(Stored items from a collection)
[Start of section]

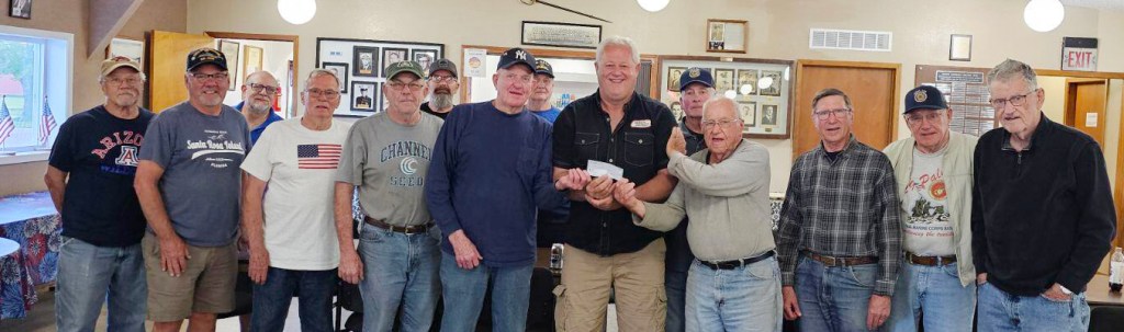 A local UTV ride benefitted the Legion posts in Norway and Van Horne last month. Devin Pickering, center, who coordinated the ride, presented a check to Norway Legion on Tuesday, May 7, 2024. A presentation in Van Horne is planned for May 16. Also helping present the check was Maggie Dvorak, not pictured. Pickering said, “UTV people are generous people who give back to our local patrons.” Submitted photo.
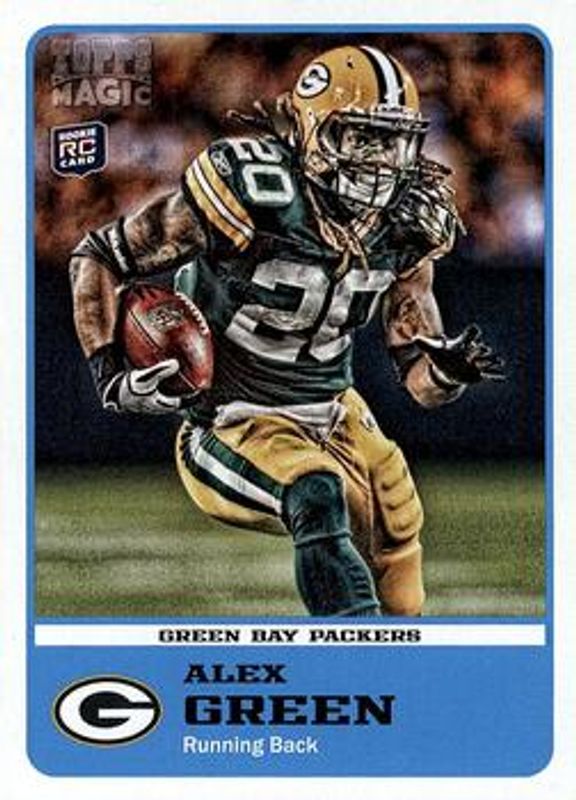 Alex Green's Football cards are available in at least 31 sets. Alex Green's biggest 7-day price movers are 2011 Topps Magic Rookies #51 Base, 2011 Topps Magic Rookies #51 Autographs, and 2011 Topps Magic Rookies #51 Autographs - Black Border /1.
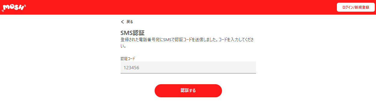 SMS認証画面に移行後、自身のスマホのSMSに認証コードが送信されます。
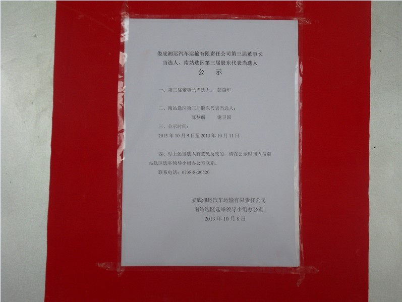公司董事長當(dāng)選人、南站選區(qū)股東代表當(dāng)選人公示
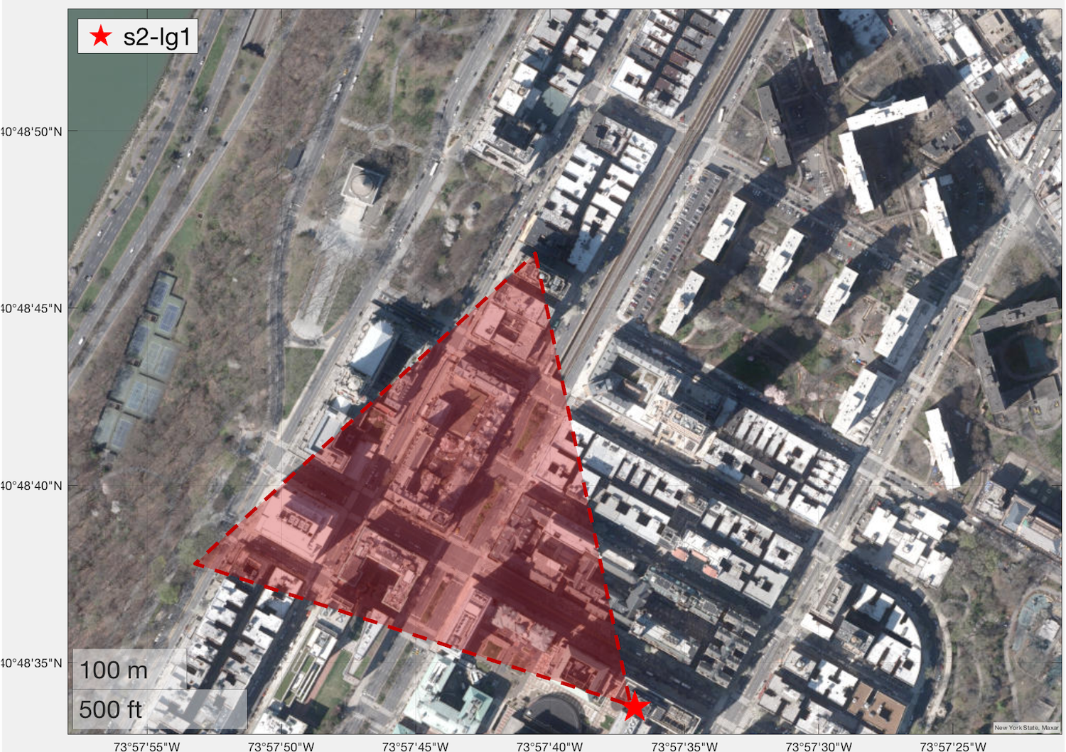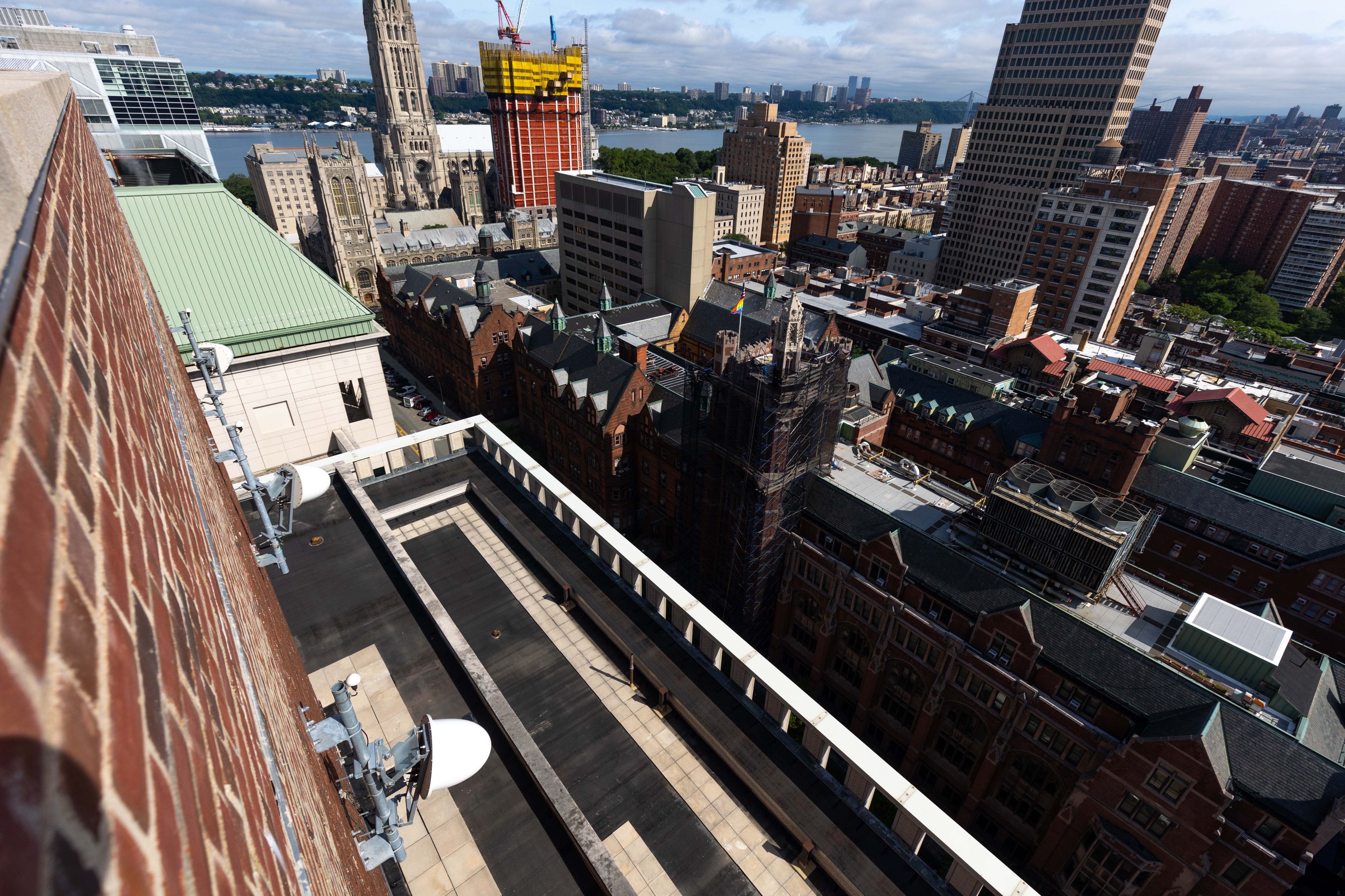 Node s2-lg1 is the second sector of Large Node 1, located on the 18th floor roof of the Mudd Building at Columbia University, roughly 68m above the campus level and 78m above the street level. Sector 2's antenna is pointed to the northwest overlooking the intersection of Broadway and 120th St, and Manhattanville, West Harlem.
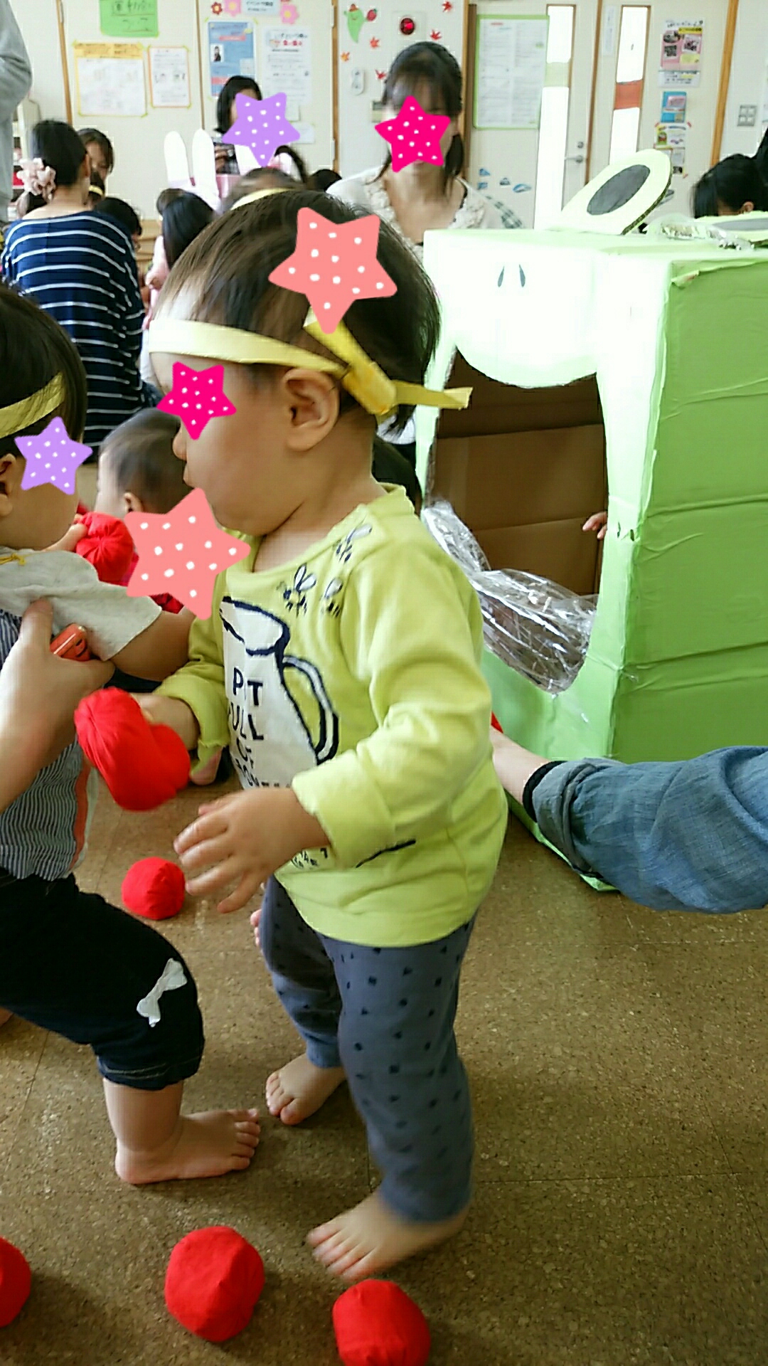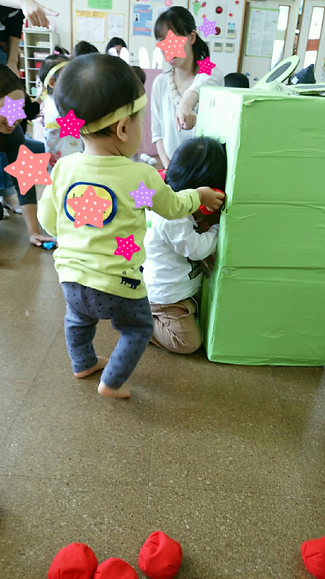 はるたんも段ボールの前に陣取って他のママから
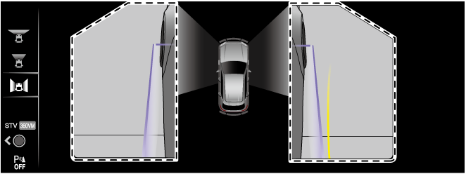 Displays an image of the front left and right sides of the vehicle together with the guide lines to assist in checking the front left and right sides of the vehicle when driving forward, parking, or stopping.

[End of section]

Activity
Please write out, exactly, every line from the line with "はるたんも段ボールの前に陣取って他のママから" through the final line of the data above, leaving out pictures.

Task answer
 はるたんも段ボールの前に陣取って他のママから
 Displays an image of the front left and right sides of the vehicle together with the guide lines to assist in checking the front left and right sides of the vehicle when driving forward, parking, or stopping.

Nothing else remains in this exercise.